Cilios en la superficie exterior de la parte inferior del embrión, un área llamada nódulo ventral en mamíferos, exhiben un movimiento característico de giro que transporta mensajeros químicos hacia el lado izquierdo. Esto crea un gradiente de concentración química que indica a las células madre cómo y dónde desarrollarse. Cuando la función de los cilios se ve afectada, órganos como el corazón, los pulmones y el hígado pueden terminar en el lado equivocado del cuerpo.
Cuando el investigador postdoctoral y autor principal Isao Oishi, Ph.D., buscó genes en el pez cebra involucrados en el patrón de izquierda-derecha de embriones tempranos, esperaba encontrar genes que codificaran componentes de cilios. “En cambio, encontramos un gen de cilio no estructural que influye en la función de los cilios y que, entre otras cosas, causó problemas con el patrón de izquierda/derecha”, dice. Nombró al gen duboraya en honor a la forma de la linterna japonesa duboraya, que adoptan los peces con una versión inactivada del gen a medida que se desarrollan.
Oishi descubrió que la duboraya es necesaria para la formación de cilios completamente funcionales en la vesícula de Kupffer, el equivalente en peces del nodo ventral de los mamíferos. Sin duboraya, los cilios se reducían a tocones cortos, incapaces de crear el flujo en sentido contrario a las agujas del reloj necesario para establecer la izquierda frente a la derecha. La proteína duboraya, encontró, es activada por la frizzled-2, un miembro de la vía de señalización Wnt, altamente conservada, que orquesta las actividades de un gran número de células durante el desarrollo embrionario.

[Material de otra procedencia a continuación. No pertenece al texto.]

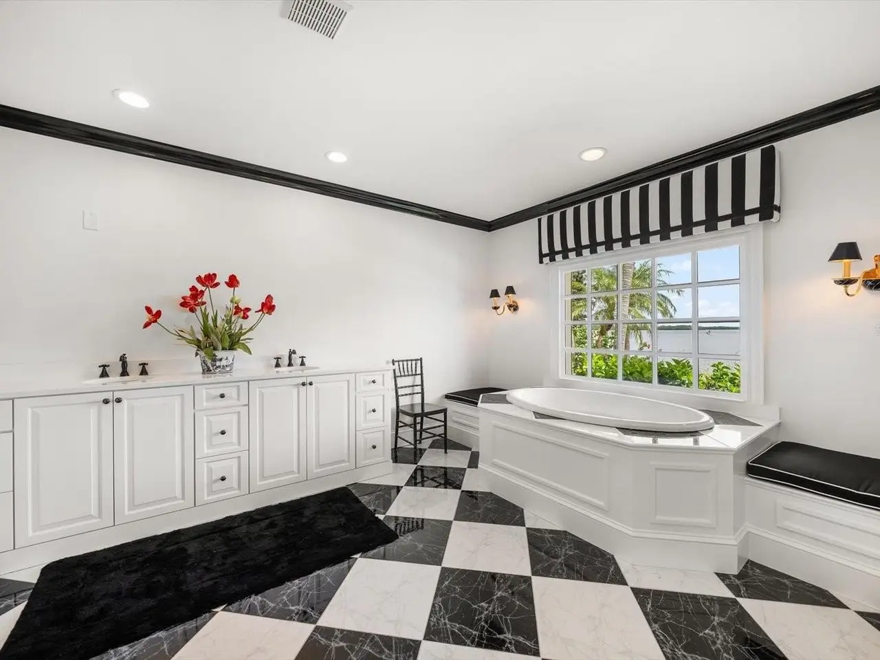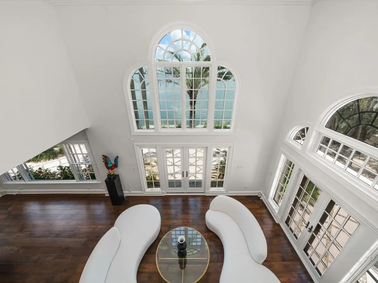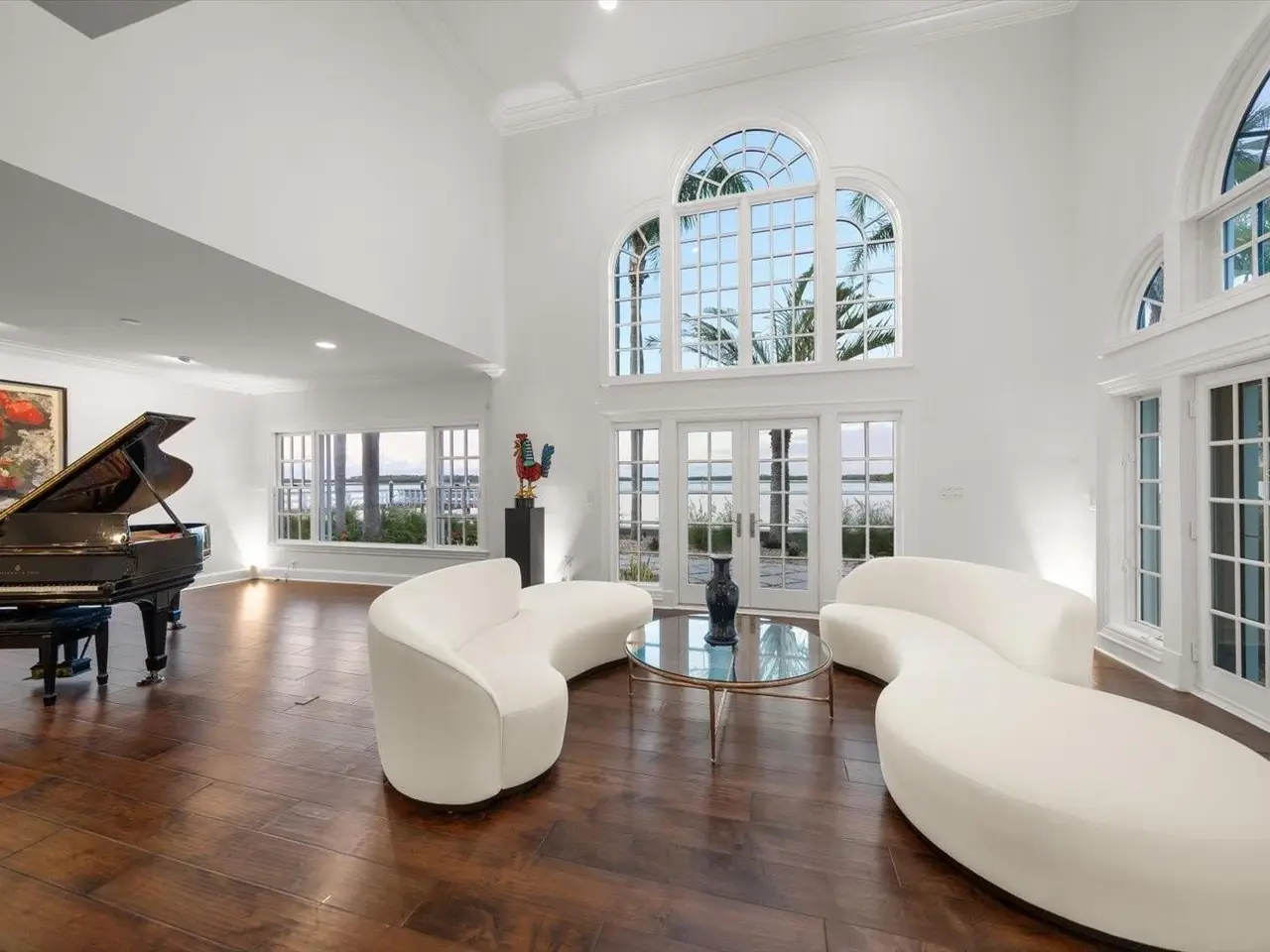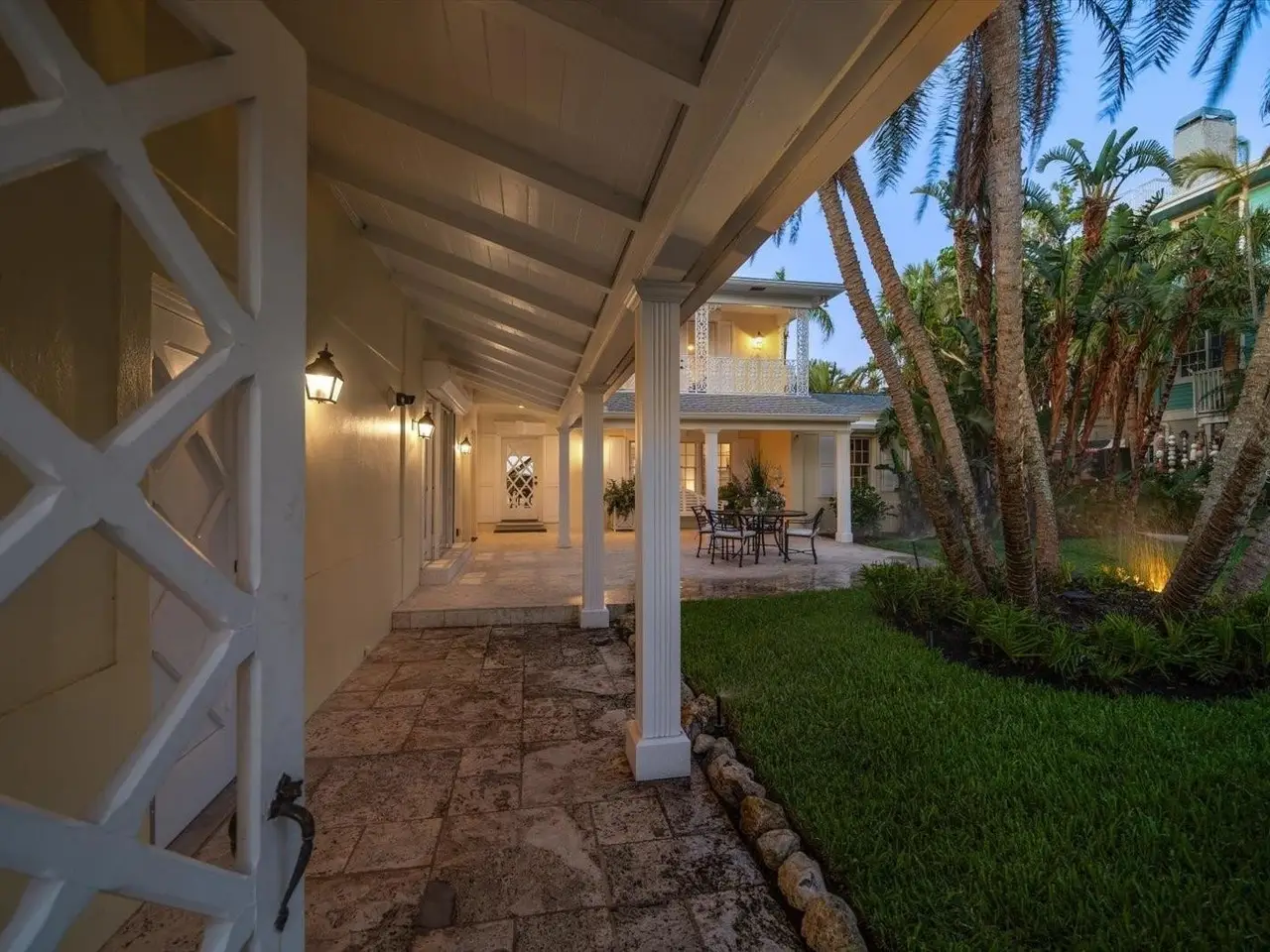 Near the tip of an island, among an enclave of luxury homes, this bayfront estate offers the rare combination of enduring architectural beauty and the easy rhythm of coastal living. Just a short walk brings you to deeded access to the white sands and gentle surf of the Gulf, while at home, the dock extends into calm waters where dolphins play and sunsets shimmer across the bay. Mornings begin with coffee on the dock, the sound of water lapping below and the flash of silver as fish break the surface. In the afternoon, a walk along the beach gives way to golden skies and the sun’s slow descent beyond the Gulf. Evenings invite a stroll to dinner at the nearby Carlouel beach and yacht club, where island living feels both intimate and elevated. Built in an era when grace, character, and quality were expected, this home has been thoughtfully restored to preserve its timeless soul while embracing the comfort of modern life. The result is a beautiful blend of casual sophistication and classic refinement—a home that feels equally suited for quiet reflection or grand entertaining. Gracious square footage offers space and privacy for family and guests alike. Entry is through a courtyard framed in limestone, leading into a grand living room with gleaming wood floors and expansive palladian windows that showcase breathtaking water views. It’s a room designed not just for living, but for gathering—an invitation to celebrate every moment with style and ease. The dining room shares the same gracious proportions, filled with light and views that make even everyday meals feel like an occasion. Every great home has a kitchen that serves as its heart, and this one does not disappoint. A chef’s showplace, it looks as if it were designed for a magazine spread, yet it’s warm and welcoming. The adjoining spaces encourage laughter and conversation, with a large bar for watching the chef at work, a comfortable breakfast nook, and a cozy gathering room anchored by a fireplace. The primary suite is located on the ground floor, where mornings begin with serene bayfront views and soft light filtering through palms. The ground floor also includes a private office and small library, creating quiet nooks for work or reflection—each with a connection to the water and the rhythm of island life. Upstairs, flexibility meets charm. Whether for family or guests, the space offers three generous bedrooms and a second family room with stunning water views—a perfect place for games, movies, or simply watching the bay change colors with the sky. Thoughtful details abound, from abundant storage to inviting alcoves that make every corner feel special. From its iconic Palm Beach inspired architecture to its graceful restoration, this bayfront home captures the art of living beautifully by the water. Elegant yet relaxed, private yet connected, it is a home where every day feels like a chapter in a timeless coastal story.

Belmonte explica: “Pudimos demostrar que genes que detectan su entorno externo o interno se comunican con genes estructurales que son responsables de fabricar los cilios y les dicen que batan de una u otra manera. Lo que Isao descubrió es un mecanismo de cómo transmiten información.”

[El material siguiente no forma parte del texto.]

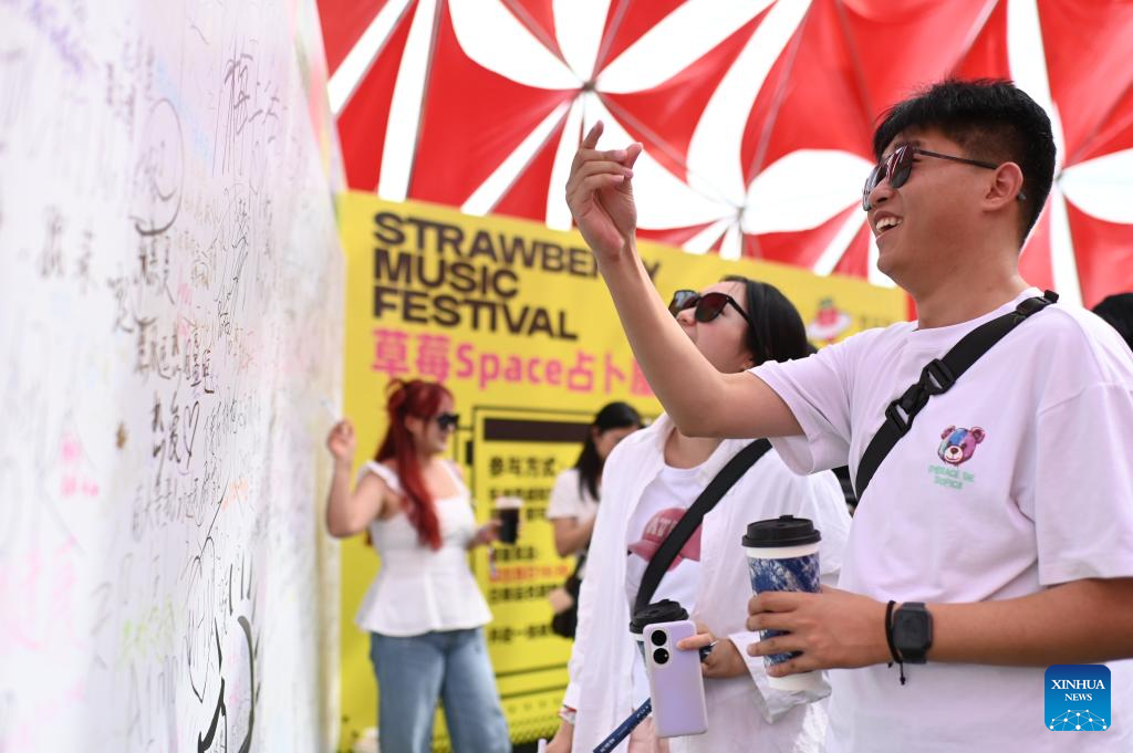 People sign on the signature wall during the Strawberry Music Festival in Urumqi, northwest China's Xinjiang Uygur Autonomous Region, July 12, 2025. The 2025 Strawberry Music Festival kicked off in Urumqi on Saturday. (Photo by Xu Rui/Xinhua)

Los investigadores que contribuyeron a este trabajo incluyen a los investigadores postdoctorales Yasuhiko Kawakami, Ph.D., y Carles Callol-Massot, Ph.D., ambos en Salk, y Ángel Raya, M.D., Ph.D., quien anteriormente estuvo en Salk y ahora es coordinador científico en el Centro de Medicina Regenerativa en Barcelona, España.
El Instituto Salk de Estudios Biológicos en La Jolla, California, es una organización independiente sin fines de lucro dedicada a descubrimientos fundamentales en las ciencias de la vida, la mejora de la salud humana y la formación de futuras generaciones de investigadores. Jonas Salk, M.D., cuya vacuna contra la polio prácticamente erradicó la debilitante enfermedad de la poliomielitis en 1955, inauguró el Instituto en 1965 con un donativo de terrenos de la Ciudad de San Diego y el apoyo financiero de la March of Dimes.